Does he make you feel desired? Do you have an active sexlife?

ForZanyAquaViewer · 09/05/2025 06:41

You’re being very very vague, OP. What has he actually said, and in what context, to make you feel this way?

Pamspeople · 09/05/2025 06:42

How many of us look at our partners and think yep, that's absolutely my dream physical specimen?! Nope, we fall in love with people as a package - mind, body, heart - not a theoretical "type".

AtlasPine · 09/05/2025 06:49

Do you have a physical relationship? Do you have to initiate sex if so or does he as well?

If you do, is it often enough for you or does it feel a bit too often or just right for what YOU desire?

Does he treat you with affection - eg kiss hello/goodbye, hold hands, initiate hugs and respond positively to your hugs?

ComingFromTheSamePlace · 09/05/2025 07:09

Epilepsystruggle · 08/05/2025 09:48

Can you give some example?

There's a difference in saying 'my ex was a brunette' when your a blonde, and 'i just love dark hair on a woman'.

The first is factual and the latter would make me have think that was his preference too.

It's more the latter.

He doesn't really do it very often since I told him it upset me but it was more like [this quality] is really sexy or "I've always found X women really attractive".

He'll occasionally comment on women being 'really beautiful'. But they haven't always been physical qualities.

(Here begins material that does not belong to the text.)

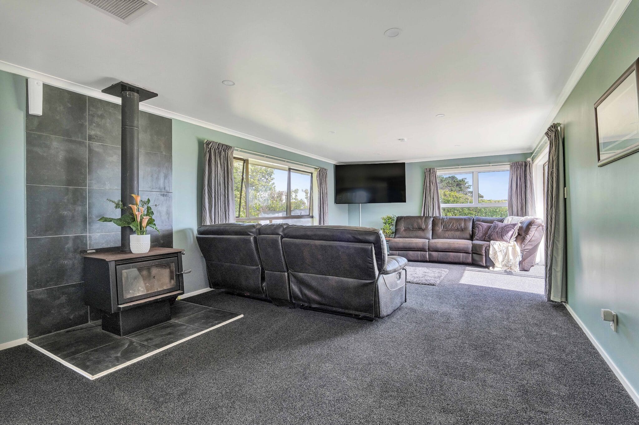 Step inside the three-bedroom home to a modern kitchen with open-plan dining and living, flowing seamlessly out to a sun-filled patio with epic mountain views, perfect for outdoor entertaining. The home features three double bedrooms, a family bathroom with bath and shower, and a separate toilet and laundry, making everyday living a breeze. Heating is by way of log fire and heat transfer system.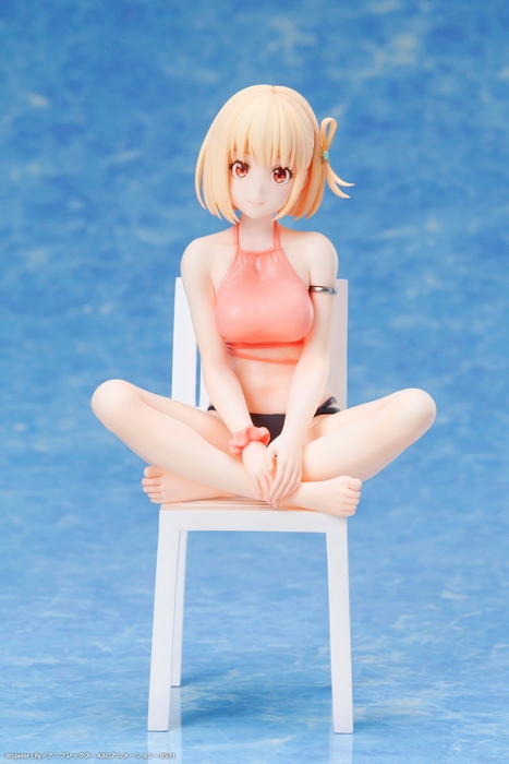 千束らしいスポーティな水着を身に着け、座った姿で立体化!

Sometimes it's style of dress, accents, hobbies etc.

I don't think he does it to make me feel 'less than' and was surprised when I told him that it bothered me because it was just a 'throwaway comment' or not important. And he did stop.

But they're all things I don't possess.

He likes that I'm intelligent but I sometimes think that's all I have going for me in his eyes.

OP posts:
ComingFromTheSamePlace · 09/05/2025 07:19

By rights, I shouldn't find DP attractive. My "type" is tall, pale, leggy, redheads. That's what all my celebrity crushes were growing up, those were the girls I fancied in school and its still the type of woman who will draw my attention now.

I think this is part of the problem for me.

I know that this is how it is. I know that I'm not the type who would draw his attention.

When we go out, it makes me feel that I'm in the way or forgettable. I don't want to interrupt him if I think someone has caught his eye and look like I assume that, in that moment, that I have more value or worth or interest to him than someone he is attracted to. Or that I'm unaware. Because I am very aware.

I don't really go out anymore because of it. I just feel uncomfortable and on edge all night. I accept he's going to be 'drawn to' other women or find other women attractive. I just don't want to be there.

He doesn't behave disrespectfully. He wouldn't go off and talk to another woman and leave me but that just makes me feel more in the way because if I wasn't there, he could.

OP posts:
ComingFromTheSamePlace · 09/05/2025 07:21

Pamspeople · 09/05/2025 06:38

Does he show affection, desire? It's really hard to work out from your posts what he's doing that's showing you he doesn't find you attractive. Is it more of a "you issue" in the sense that your self esteem was diminished by your ex to the extent that you just can't believe that someone finds you attractive?

If you're quite an intellectual "head" based person, are you perhaps assessing this as a logic thing - as in "he fancies X, I'm different to X therefore he can't fancy me"? That's not how love, desire, attraction works!

That makes sense. It could be that. I am quite logical.

And my ex made it quite clear that he didn't find me particularly attractive and that he should have been able to 'do better' than me.